◆ SOURCE DATA
● ● ●

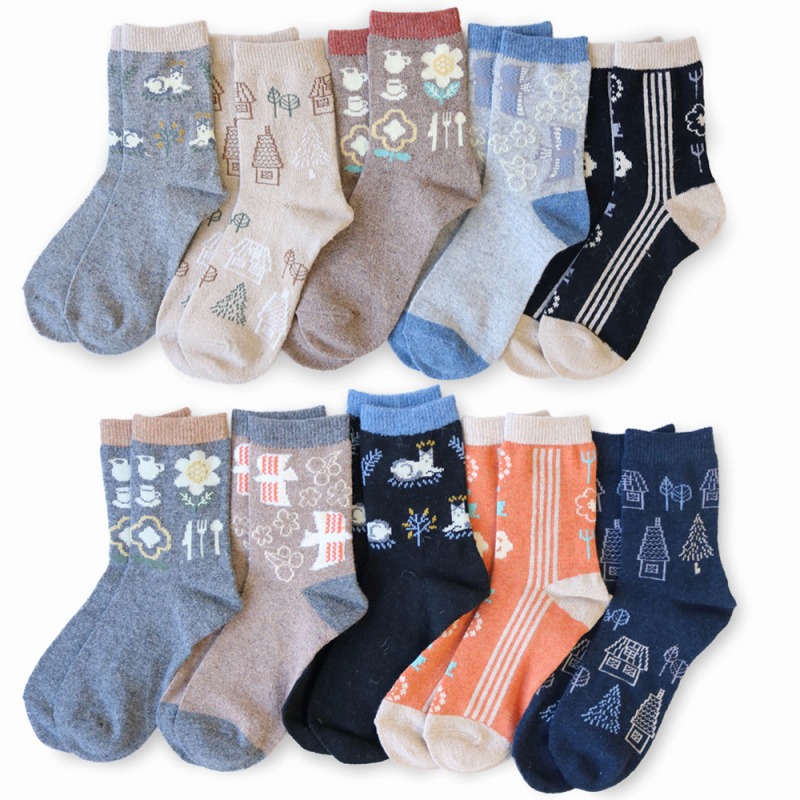 【お買得限定品☆オシャレで暖か】婦人 毛混 北欧調柄 デザインソックス
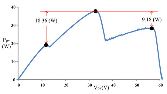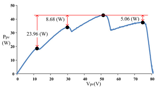 The test results verified that for each case, the modified PSO algorithm attained more favorable tracking speed and accuracy than did the convention PSO algorithm. Furthermore, using the conventional PSO algorithm failed to track the global maximum power point in Case 3. Therefore, the P–V characteristic curves of Case 2 and Case 3 were further analyzed (Figure 21 and Figure 22). The results showed that in Case 2, the global maximum power point differed from the left and right regional solutions by 18.36 W and 9.18 W, respectively. In Case 3, the global maximum power point differed from the three regional solutions by 23.96 W, 8.68 W, and 5.06 W (from the leftmost to rightmost peaks, respectively). Although both cases exhibited multiple-peak curves, two of the regional solutions in Case 3 closely approximated the global maximum power point. This facilitated incorrect identification of regional solutions as the global solution. Accordingly, the conventional PSO algorithm performed least desirably in Case 3.
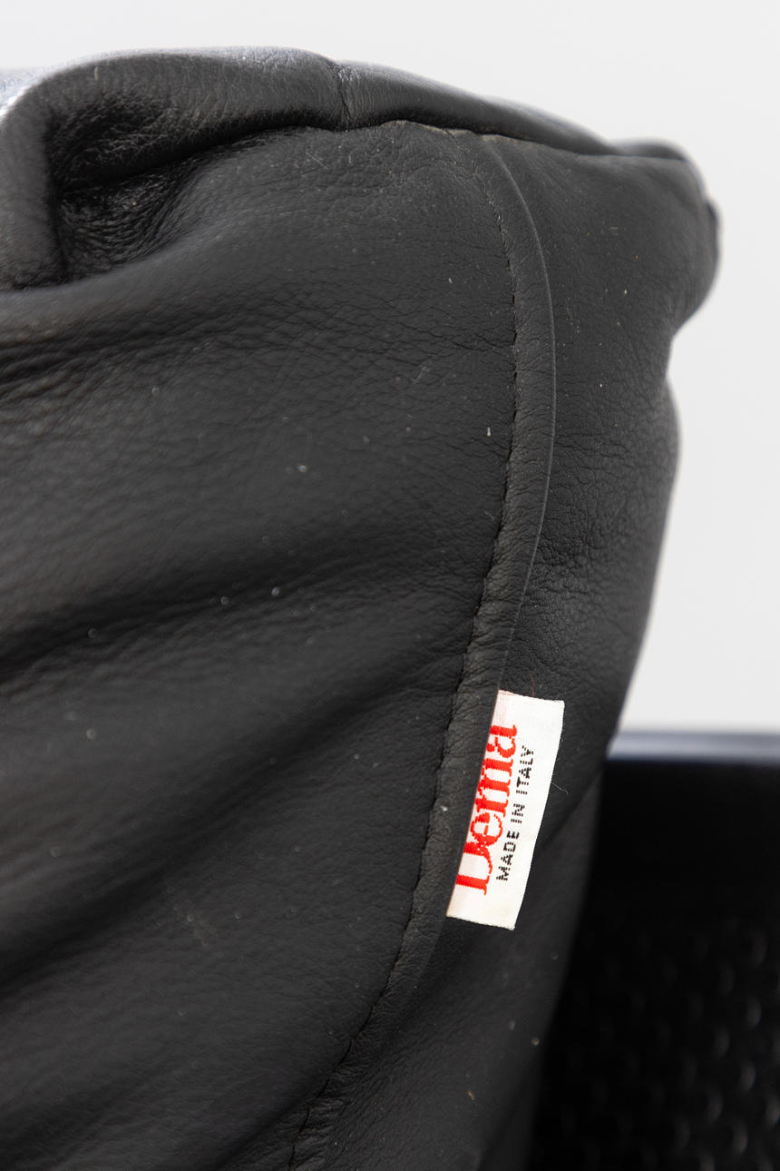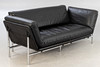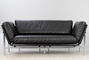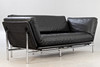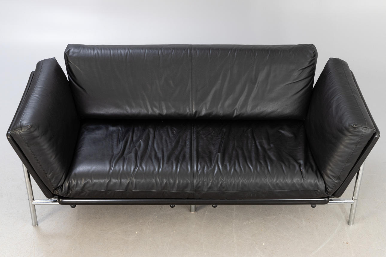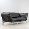 Schwarzes 2-Sitzer Ledersofa 'Modell Rataplan', Roberto Tapinassi für Dema. Gestell aus verchromtem Stahl und Kunststoff. Lederpolster abnehmbar und Armlehnen beidseitig abklappbar.
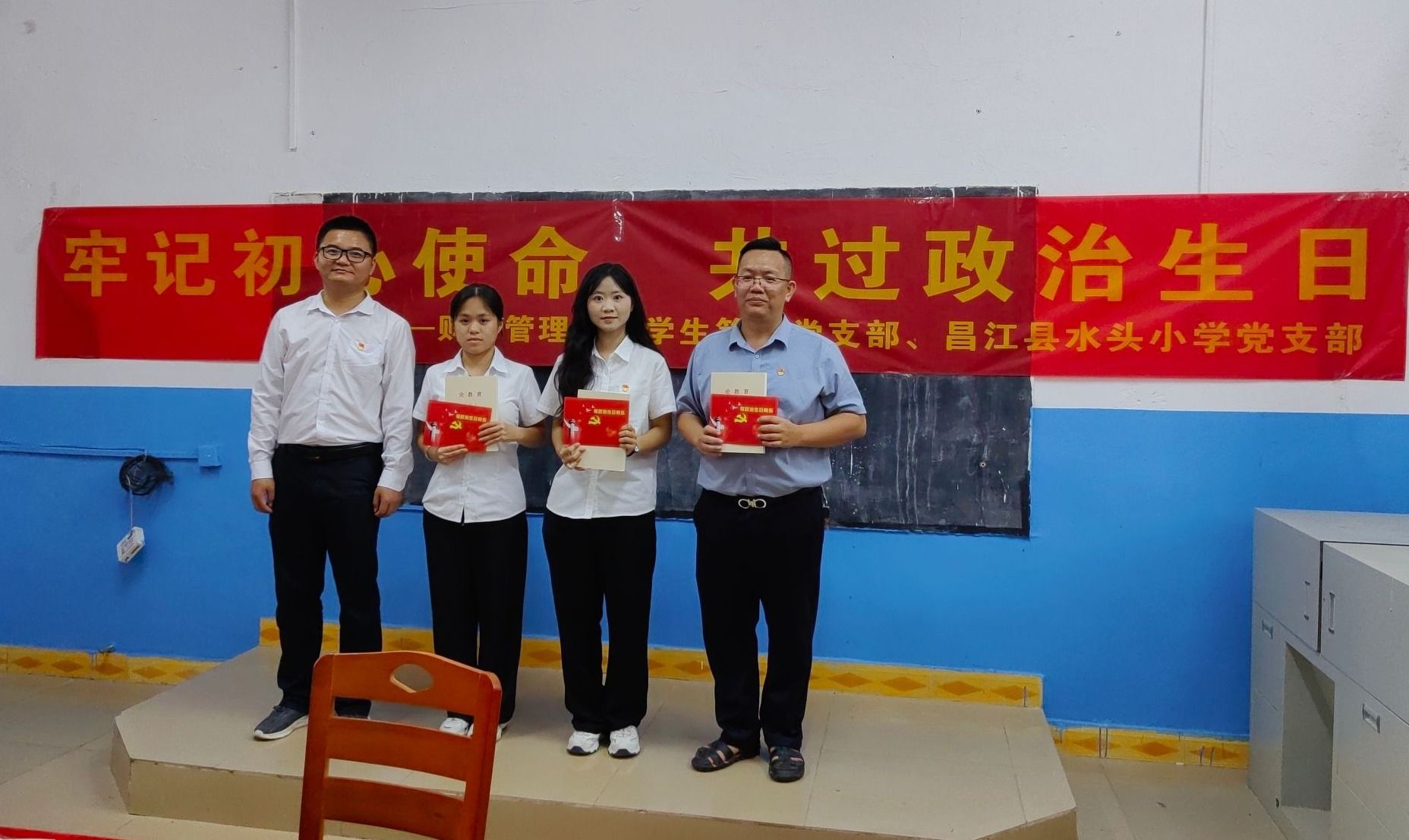 2024年11月19日,betway西汉姆联官网财务管理学院学生第二党支部和昌江黎族自治县石碌镇水头小学党支部共过政治生日,通过重温入党誓词、集中学习、分享感悟、赠送生日贺卡和《论教育》生日礼物,引导党员进一步淬炼党性修养、砥砺初心使命。

● ● ●

◆ EXERCISE BRIEF
Output the lines above in full and exactly. Leave out every picture.

◆ SOLUTION
 【お買得限定品☆オシャレで暖か】婦人 毛混 北欧調柄 デザインソックス
 The test results verified that for each case, the modified PSO algorithm attained more favorable tracking speed and accuracy than did the convention PSO algorithm. Furthermore, using the conventional PSO algorithm failed to track the global maximum power point in Case 3. Therefore, the P–V characteristic curves of Case 2 and Case 3 were further analyzed (Figure 21 and Figure 22). The results showed that in Case 2, the global maximum power point differed from the left and right regional solutions by 18.36 W and 9.18 W, respectively. In Case 3, the global maximum power point differed from the three regional solutions by 23.96 W, 8.68 W, and 5.06 W (from the leftmost to rightmost peaks, respectively). Although both cases exhibited multiple-peak curves, two of the regional solutions in Case 3 closely approximated the global maximum power point. This facilitated incorrect identification of regional solutions as the global solution. Accordingly, the conventional PSO algorithm performed least desirably in Case 3.
 Schwarzes 2-Sitzer Ledersofa 'Modell Rataplan', Roberto Tapinassi für Dema. Gestell aus verchromtem Stahl und Kunststoff. Lederpolster abnehmbar und Armlehnen beidseitig abklappbar.
 2024年11月19日,betway西汉姆联官网财务管理学院学生第二党支部和昌江黎族自治县石碌镇水头小学党支部共过政治生日,通过重温入党誓词、集中学习、分享感悟、赠送生日贺卡和《论教育》生日礼物,引导党员进一步淬炼党性修养、砥砺初心使命。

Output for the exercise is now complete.